Saturday night was the last night I could stay at my ex's house. Her husband, father and his wife were wonderful. They made me feel welcomed, reminded me of the family that I had lost. I wasn't used to their level of banter but I got used to it.
I was able to stand on my own with only some itch, mainly on my left foot. That night I watched the movie Allegiant with her husband; while my ex had gone out with her cousin to his some bars. She has not changed much, still loves to go out with an unfiltered mouth and ready to get into a brawl (now she legally carries a gun which makes her even more dangerous). I pity anyone who crosses her.
Sunday morning I joined the family for breakfast, which included pancakes and orange juice. Their larger dog finally allowed me to be close enough too feed him some pancake. He is so gentle that I didn't even feel him touching my hand.
After breakfast the nice duffel bag that her husband gave me was filled with my clothes which were now clean (she did laundry for me). Also new clothing (hoodie, socks, underwear, and a hospital blanket) they added.
Her stepmother was glad that my time with them helped me recover. She told me that when she saw me barely walking a few days ago, that it broke her heart.
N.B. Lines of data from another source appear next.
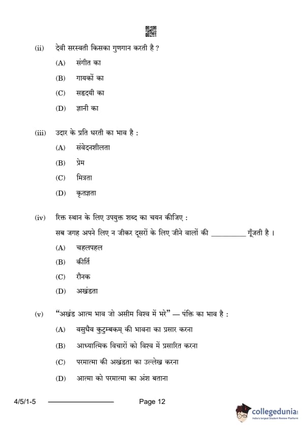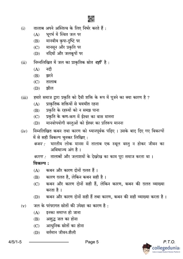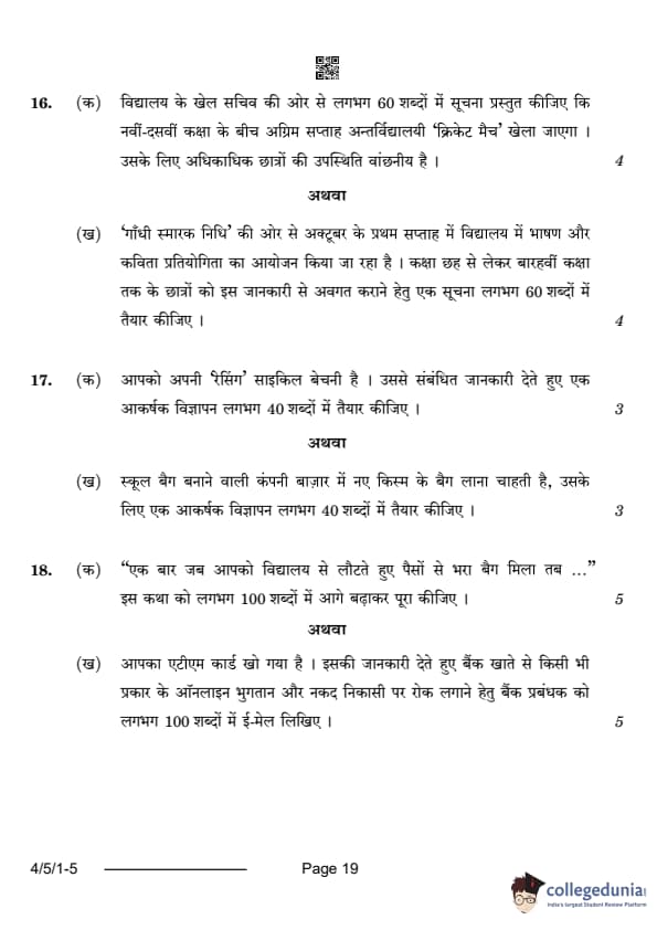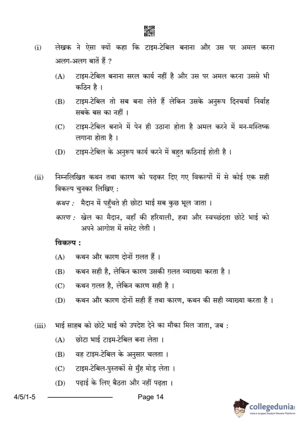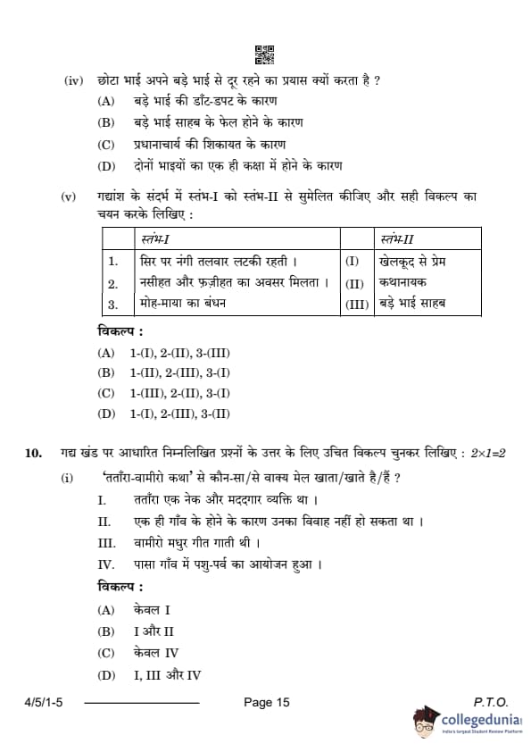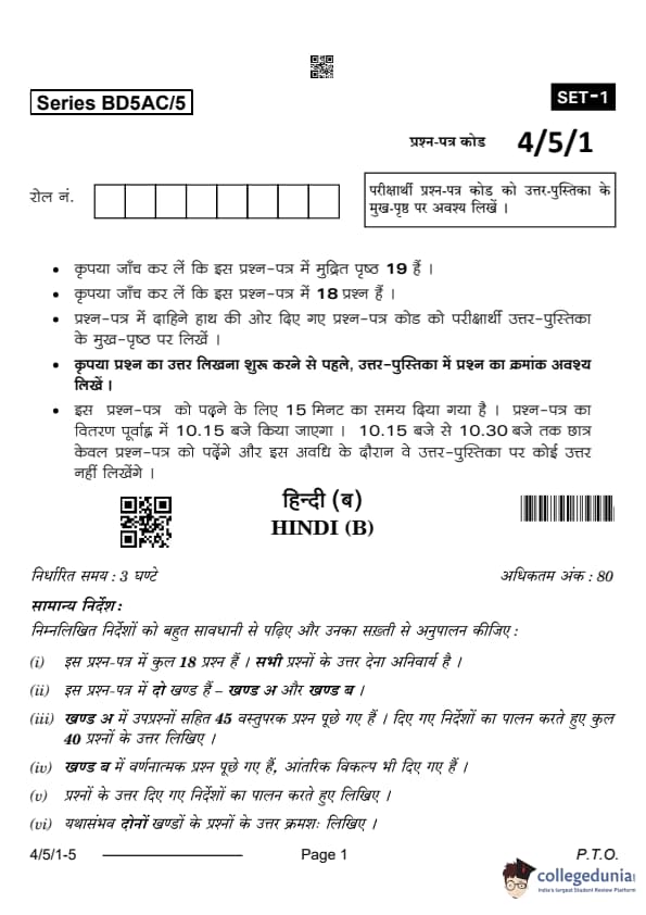 CBSE Class 10 Hindi B Question Paper 2024 PDF (Set 1- 4/5/1) is available for download here. CBSE conducted the Hindi B exam on February 21, 2024 from 10:30 AM to 1:30 PM. The total marks for the theory paper are 80. The question paper contains 20% MCQ-based questions, 40% competency-based questions, and 40% short and long answer type questions.
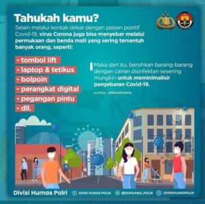 Demak – Sabtu (18/04/2020). Tahukah Kamu??? Selain melalui kontak dekat dengan pasien positif Covid-19, virus Corona juga bisa menyebar melalui permukaan dan benda mati yang sering tersentuh banyak orang, seperti: tombol lift, laptop & tetikus, bolpoin, perangkat digital, pegangan pintu – dll. Maka dari itu, bersihkan barang-barang dengan cairan disinfektan sesering mungkin untuk meminimalisir penyebaran …
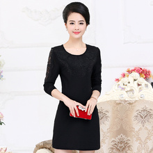 妈妈装春装连衣裙打底衫2017新款中老年女装婚礼长袖修身裙子套头
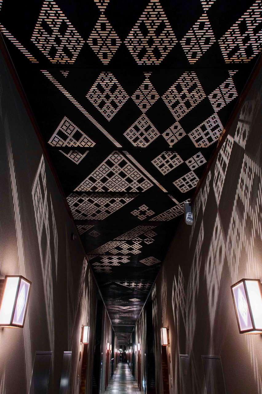 5階にもぜひ足を運ぶべし、ですよ。天井に津軽こぎん刺しの模様を配した、約50メートルの廊下は、「木漏れ日kogin」と名付けられ、海外のメディアによる「ホテルの美しい廊下10選」に選出されました。夜になると、こぎんの文様から光が差し込み、文字通り木漏れ日が降り注ぐような幻想的な世界となります。
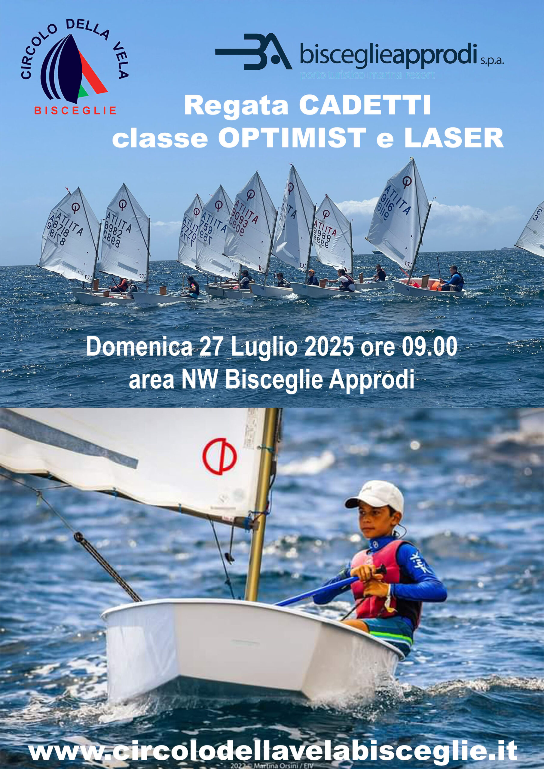 Domenica 27 Luglio 2025 a partire dalle ore 09.00, presso l’area di nord ovest del marina resort Bisceglie Approdi, il CIRCOLO DELLA VELA di Bisceglie organizza la “REGATA CADETTI per gli allievi della scuola vela delle classi OPTIMIST e LASER”. Le gare verranno gestite dai nostri istruttori FIV e si svolgeranno in raggruppamenti per livelli di esperienza degli allievi. Al termine: cerimonia di premiazione con medaglie color oro/argento/bronzo. Accesso libero.
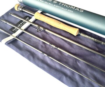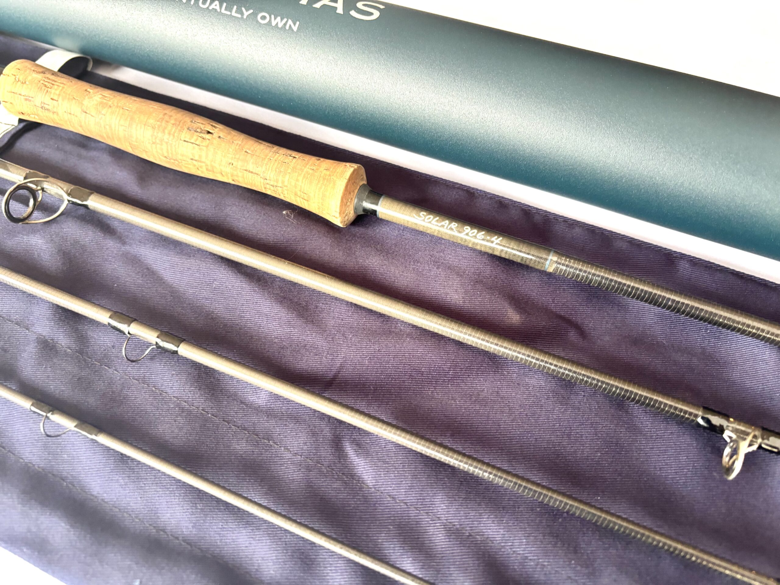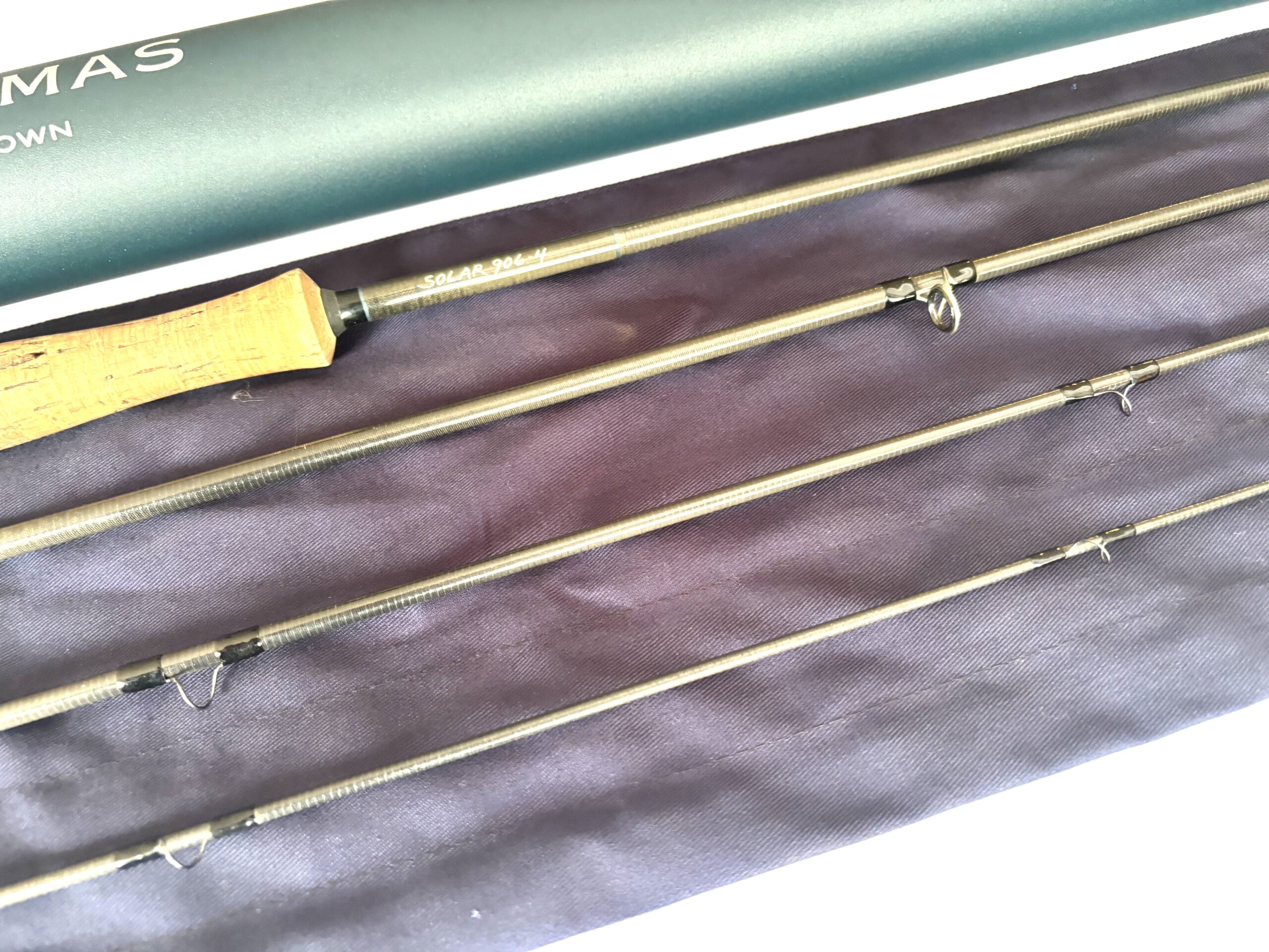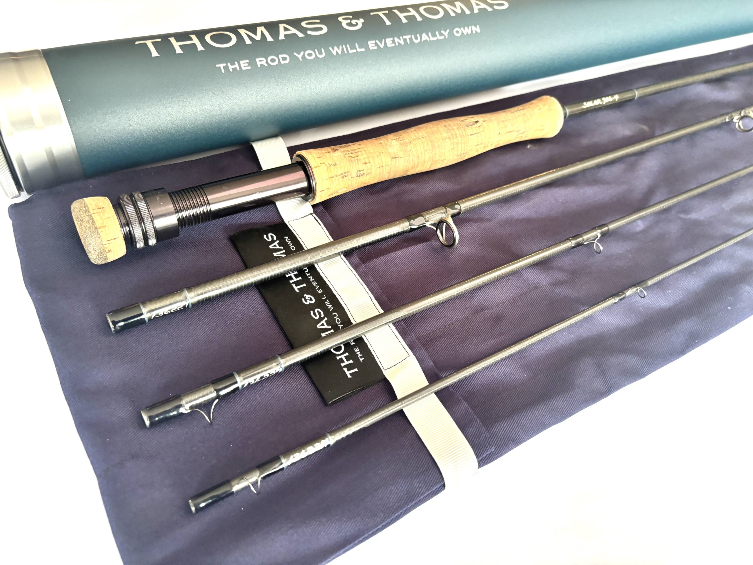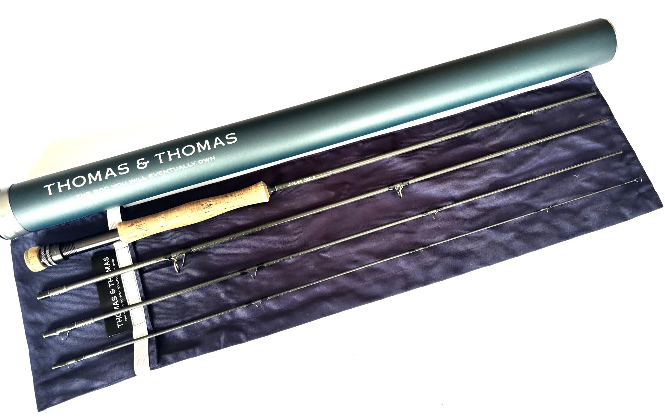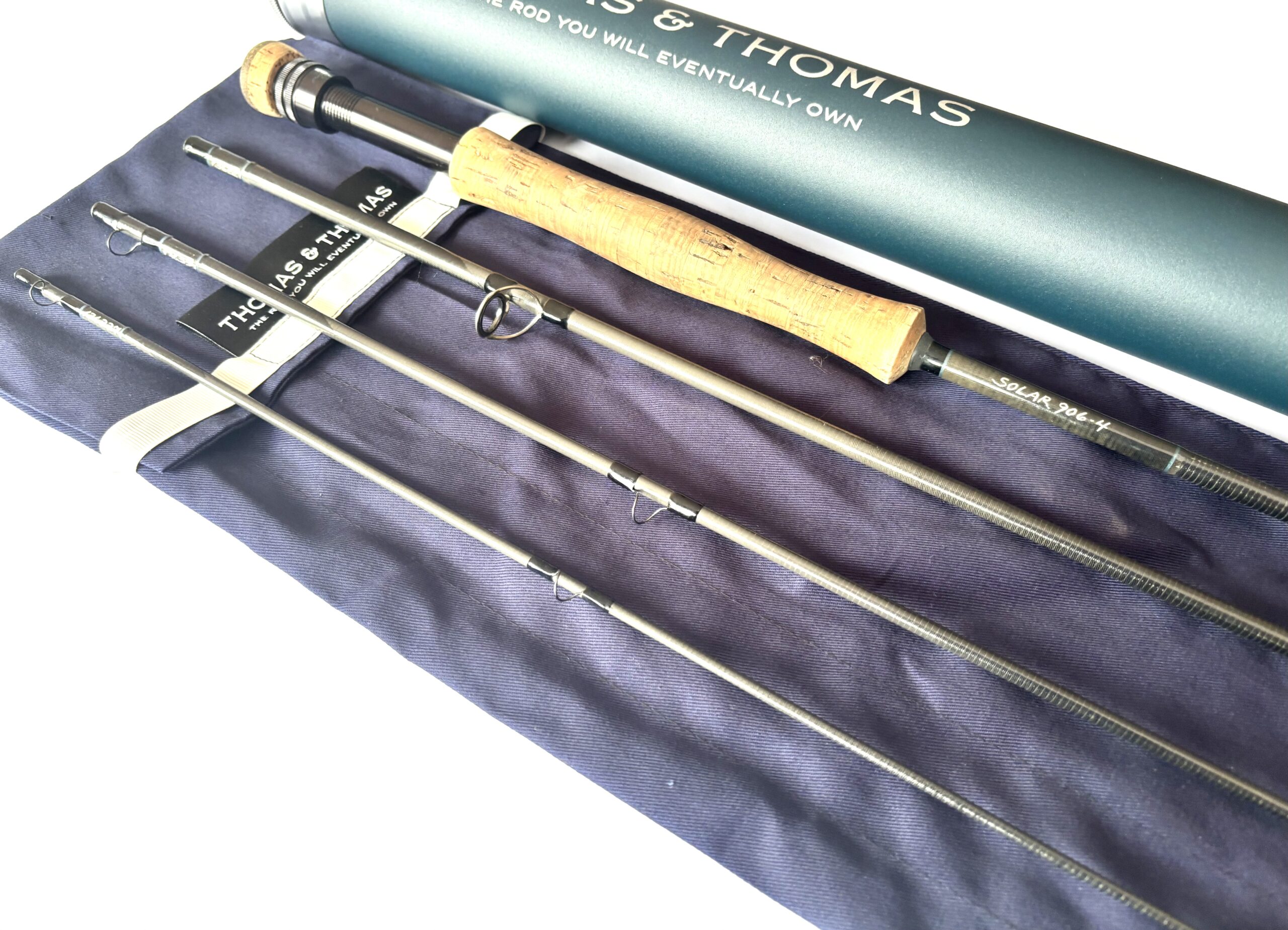 Maker: Thomas & Thomas; Model: Solar; Year: 2000s; Condition: Fine; Length: 9’; Line Rating: #6; Country: USA; Ideal Use: Trout/Saltwater Fly Fishing; TT Opinion: As part of a large haul of T & T fly rods direct from Thomas & Thomas in the US this fine four piece carbon fly rod with a line rating of #6 features a smooth cork handle, lined alloy guides and comes complete with original rod bag and outer tube.
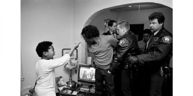 Seorang anak melihat ayahnya ditangkap. Dia berkata, "aku membencimu karena kamu memukul ibuku! Jangan kembali ke rumah ini lagi!"
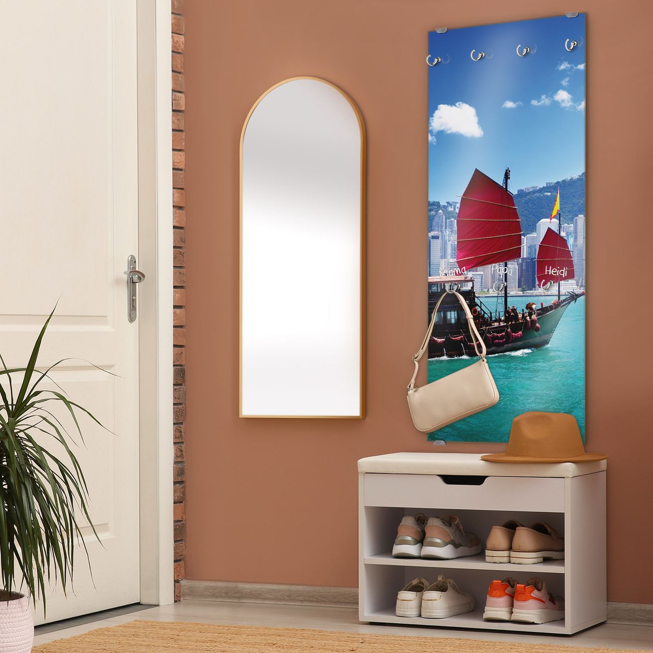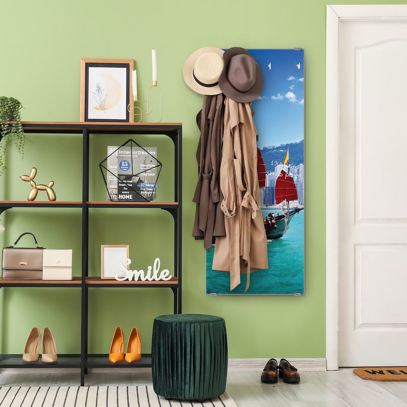 FUNKTION: Die banjado Wandgarderobe mit Motiv Hong Kong ist Ihr täglicher Begleiter. Zuverlässig hängen hier Ihre Jacken und Mäntel griffbereit. Das Echtglas ist Ihr Paneel auch beschreibbar und wieder abwischbar. DESIGN: Sie erhalten eine Garderobenleiste aus elegantem Echtglas mit dem Farbbrillanten Motiv Hong Kong hinterklebt. Das Design ist zeitlos klassisch, ohne dabei auf Funktionalität zu verzichten. Suchen Sie aus einer Vielzahl von Motiven das für Ihre Einrichtung Passende aus. DETAILS: Die Flurgarderobe besteht aus 4mm gehärtetem Sicherheitsglas. Sie ist 50cm breit, 125cm hoch und 6cm tief. Die Garderobenhaken zur Selbstmontage präsentieren sich in Edelstahl-Optik, ebenso die Abstandshalter für die Wandmontage. Ihre neue Garderobe ist sofort einsatzbereit. NUTZEN: Ihre neue Garderobe hält nicht nur zuverlässig Ihre Kleidung, sie ist auch optisch ein Blickfang. Durch das Glas können Sie an der Garderobe mit wasserlöslichen Kreidestiften oder Whiteboard-Markern auch Nachrichten hinterlassen. BANJADO: Wir sind ein kleines kreatives Team aus Sachsen und entwickeln Produkte die Design und Funktionalität verbinden sollen. Viel Freude mit Ihrer neuen Garderobe wünscht das banjado-Team!

I thanked everyone for their hospitality and kindness.
She drove me to Dunkin Donuts, and bought me some food. I showed her the spot where I slept and she got emotional and started to tear up. I tried to calm her down, assuring her that I'd be alright.
I admitted to her that if she had tried anything, that I would have been putty in her hands. It is easy to ignore other woman, they are strangers to me, and those I befriend and get to know me, see me only as a friend (which works for me).
We have a history, a very intense and passionate history. I know myself well enough that with her, my defenses would crumble. Luckily nothing happened. She said a divorce is unavoidable, that she has been unhappy for years. I can't figure out how that may affect our friendship down the road, if it will have any effect at all.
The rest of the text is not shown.